You ask why your purpose feels clouded with doubt. The very fact that you care about your purpose, Wain, reveals something vital: that you are not here by accident. Science, for all its brilliance, cannot explain why a question like “What is my purpose?” even occurs to a bag of molecules. Yet here you are, longing for meaning. That longing is a signal fire—a sign that you were made not just to exist, but to live. Not merely to survive a plague, but to grow in love.

COVID was a trial, yes. But grace is always hiding in the cross. Maybe surviving wasn’t a failure of mission—but the start of a new one. What if your survival was not the end, but the beginning of the answer to someone else’s prayer?

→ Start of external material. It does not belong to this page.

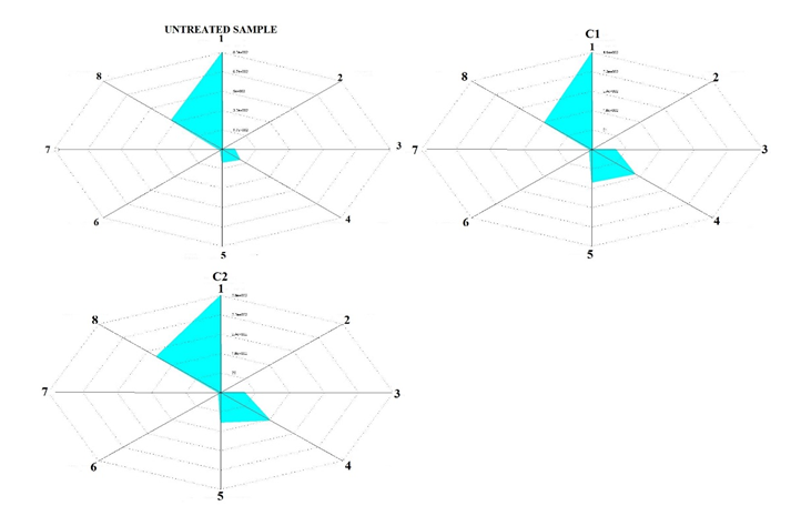 Multiaxial graphics are drawn by MATLAB, and the biggest area is chosen to determine the best recipe for this study. According to results obtained from multiaxial graphics, the biggest area gives the best recipe. Because the assumption for this study is “The higher the tensile strength (in warp and weft directions), the tear strength (in warp and weft directions), the crease recovery angle (in warp and weft directions), the whiteness index and the abrasion resistance retention (as the ratio of abraded mass to total fabric mass), the greater the area and the more acceptable the recipe is”. The crease recovery angle becomes significant with the least physical property decrease.So it could not be true when we decide the recipe just only according to crease recovery angle result (Figure 5). According to the multiaxial graph results C1 recipe has the biggest area. Also the total crease recovery angle of C1 recipe is 280,35°, it is the biggest angle among three situation, untreated fabric sample (231,25°), C1 recipeand C2 recipe (277,5°).

You ask if your life, your daily grind, your future accomplishments mean anything if death awaits us all. This is a profound philosophical insight. The Church doesn’t shy away from death—she gazes into it, and dares to proclaim: Death has been defeated. The Resurrection isn’t a metaphor—it’s the event that reorders history. If Christ is risen, then your life has eternal stakes. Your acts of love, your quiet endurance, your pursuit of truth—they echo into forever.

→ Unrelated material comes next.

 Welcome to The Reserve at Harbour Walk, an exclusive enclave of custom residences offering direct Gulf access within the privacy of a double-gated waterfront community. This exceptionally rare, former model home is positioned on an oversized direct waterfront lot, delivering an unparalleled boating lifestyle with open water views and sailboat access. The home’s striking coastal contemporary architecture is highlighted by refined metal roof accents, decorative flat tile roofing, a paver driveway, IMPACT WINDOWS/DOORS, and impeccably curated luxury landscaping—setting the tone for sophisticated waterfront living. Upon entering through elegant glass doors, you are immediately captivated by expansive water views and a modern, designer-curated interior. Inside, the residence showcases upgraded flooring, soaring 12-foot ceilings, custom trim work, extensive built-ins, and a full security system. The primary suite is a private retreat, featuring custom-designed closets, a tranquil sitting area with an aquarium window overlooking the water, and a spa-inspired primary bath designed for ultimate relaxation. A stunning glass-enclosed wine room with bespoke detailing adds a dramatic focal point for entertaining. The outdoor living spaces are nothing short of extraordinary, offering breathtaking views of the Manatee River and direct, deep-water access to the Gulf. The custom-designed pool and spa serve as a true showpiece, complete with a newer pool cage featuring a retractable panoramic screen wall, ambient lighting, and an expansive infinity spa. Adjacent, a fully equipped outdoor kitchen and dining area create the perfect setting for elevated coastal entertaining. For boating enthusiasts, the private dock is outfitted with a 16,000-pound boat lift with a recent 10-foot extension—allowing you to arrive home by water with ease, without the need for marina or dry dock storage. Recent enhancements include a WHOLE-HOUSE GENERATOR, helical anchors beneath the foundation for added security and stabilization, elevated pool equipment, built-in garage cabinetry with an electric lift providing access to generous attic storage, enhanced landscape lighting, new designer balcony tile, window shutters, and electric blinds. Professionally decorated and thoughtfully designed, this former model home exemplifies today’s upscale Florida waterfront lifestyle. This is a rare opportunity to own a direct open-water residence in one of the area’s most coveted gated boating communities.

Science, for all its wonders, cannot answer the ultimate questions of meaning and purpose. It can tell us how the world works, but it cannot tell us why we are here. You are more than a biological organism; you are a spiritual being with an eternal destiny. To reduce life to eating, sleeping, and procreating is to miss the grandeur of your calling.You were made to become a saint. That doesn’t mean becoming pious in some saccharine way. It means becoming fully you—the you God dreamed into being before the foundation of the world. Your deepest joy and God’s greatest glory are not at odds—they’re two sides of the same coin.

You’re not crazy to want more. You were made for more. So live each day with an eye toward eternity. Do the next right thing. Love well. Forgive quickly. Seek the face of Christ in the poor, the broken, and the ordinary. Find Him in beauty—in a symphony, in a sunrise, in the tears of those who mourn. And when you feel empty or unsure, fall to your knees. That is not weakness, Wain. That is the doorway to divine strength.

Please know this: God is not hiding from you. He is the one who placed these questions in your heart in the first place. So follow the thread, even if it seems veiled. Grace is not always obvious, but it is always present. And one day, Wain, when the veil is lifted, and you see Him face to face, you will realize that the very questions that haunted you were the seeds of glory.